• _Exercise_
Retype the entries in full, exactly.

• _Recorded data_

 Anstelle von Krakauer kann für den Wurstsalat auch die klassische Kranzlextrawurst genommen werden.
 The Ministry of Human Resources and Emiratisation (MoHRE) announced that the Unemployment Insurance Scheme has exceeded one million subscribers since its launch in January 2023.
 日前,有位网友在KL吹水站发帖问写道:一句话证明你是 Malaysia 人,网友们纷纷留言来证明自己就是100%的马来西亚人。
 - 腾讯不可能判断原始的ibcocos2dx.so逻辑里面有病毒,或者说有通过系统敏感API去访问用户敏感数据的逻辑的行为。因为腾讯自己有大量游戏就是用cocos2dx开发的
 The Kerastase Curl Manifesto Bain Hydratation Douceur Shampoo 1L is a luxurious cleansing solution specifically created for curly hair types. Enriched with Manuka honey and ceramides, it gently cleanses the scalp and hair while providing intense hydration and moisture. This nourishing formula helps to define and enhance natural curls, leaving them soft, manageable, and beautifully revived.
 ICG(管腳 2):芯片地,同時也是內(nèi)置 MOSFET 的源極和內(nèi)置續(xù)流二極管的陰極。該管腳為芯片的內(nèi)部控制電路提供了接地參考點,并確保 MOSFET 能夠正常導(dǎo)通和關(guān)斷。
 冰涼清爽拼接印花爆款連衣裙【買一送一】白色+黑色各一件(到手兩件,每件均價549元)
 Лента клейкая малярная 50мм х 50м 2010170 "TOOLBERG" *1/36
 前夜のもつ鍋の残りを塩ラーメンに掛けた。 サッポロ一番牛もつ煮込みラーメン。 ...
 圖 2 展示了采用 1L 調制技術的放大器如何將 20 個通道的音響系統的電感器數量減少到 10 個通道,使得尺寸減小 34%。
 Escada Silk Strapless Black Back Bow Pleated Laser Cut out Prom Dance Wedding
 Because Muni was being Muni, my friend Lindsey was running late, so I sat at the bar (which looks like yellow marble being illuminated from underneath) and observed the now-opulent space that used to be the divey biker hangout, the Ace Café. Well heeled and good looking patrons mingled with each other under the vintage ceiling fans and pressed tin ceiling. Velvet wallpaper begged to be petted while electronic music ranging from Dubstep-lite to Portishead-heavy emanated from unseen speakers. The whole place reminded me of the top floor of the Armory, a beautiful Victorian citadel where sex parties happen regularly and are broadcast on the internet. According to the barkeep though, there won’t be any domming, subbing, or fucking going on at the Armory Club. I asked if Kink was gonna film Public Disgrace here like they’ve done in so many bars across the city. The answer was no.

• _Solution_
 Anstelle von Krakauer kann für den Wurstsalat auch die klassische Kranzlextrawurst genommen werden.
 The Ministry of Human Resources and Emiratisation (MoHRE) announced that the Unemployment Insurance Scheme has exceeded one million subscribers since its launch in January 2023.
 日前,有位网友在KL吹水站发帖问写道:一句话证明你是 Malaysia 人,网友们纷纷留言来证明自己就是100%的马来西亚人。
 - 腾讯不可能判断原始的ibcocos2dx.so逻辑里面有病毒,或者说有通过系统敏感API去访问用户敏感数据的逻辑的行为。因为腾讯自己有大量游戏就是用cocos2dx开发的
 The Kerastase Curl Manifesto Bain Hydratation Douceur Shampoo 1L is a luxurious cleansing solution specifically created for curly hair types. Enriched with Manuka honey and ceramides, it gently cleanses the scalp and hair while providing intense hydration and moisture. This nourishing formula helps to define and enhance natural curls, leaving them soft, manageable, and beautifully revived.
 ICG(管腳 2):芯片地,同時也是內(nèi)置 MOSFET 的源極和內(nèi)置續(xù)流二極管的陰極。該管腳為芯片的內(nèi)部控制電路提供了接地參考點,并確保 MOSFET 能夠正常導(dǎo)通和關(guān)斷。
 冰涼清爽拼接印花爆款連衣裙【買一送一】白色+黑色各一件(到手兩件,每件均價549元)
 Лента клейкая малярная 50мм х 50м 2010170 "TOOLBERG" *1/36
 前夜のもつ鍋の残りを塩ラーメンに掛けた。 サッポロ一番牛もつ煮込みラーメン。 ...
 圖 2 展示了采用 1L 調制技術的放大器如何將 20 個通道的音響系統的電感器數量減少到 10 個通道,使得尺寸減小 34%。
 Escada Silk Strapless Black Back Bow Pleated Laser Cut out Prom Dance Wedding
 Because Muni was being Muni, my friend Lindsey was running late, so I sat at the bar (which looks like yellow marble being illuminated from underneath) and observed the now-opulent space that used to be the divey biker hangout, the Ace Café. Well heeled and good looking patrons mingled with each other under the vintage ceiling fans and pressed tin ceiling. Velvet wallpaper begged to be petted while electronic music ranging from Dubstep-lite to Portishead-heavy emanated from unseen speakers. The whole place reminded me of the top floor of the Armory, a beautiful Victorian citadel where sex parties happen regularly and are broadcast on the internet. According to the barkeep though, there won’t be any domming, subbing, or fucking going on at the Armory Club. I asked if Kink was gonna film Public Disgrace here like they’ve done in so many bars across the city. The answer was no.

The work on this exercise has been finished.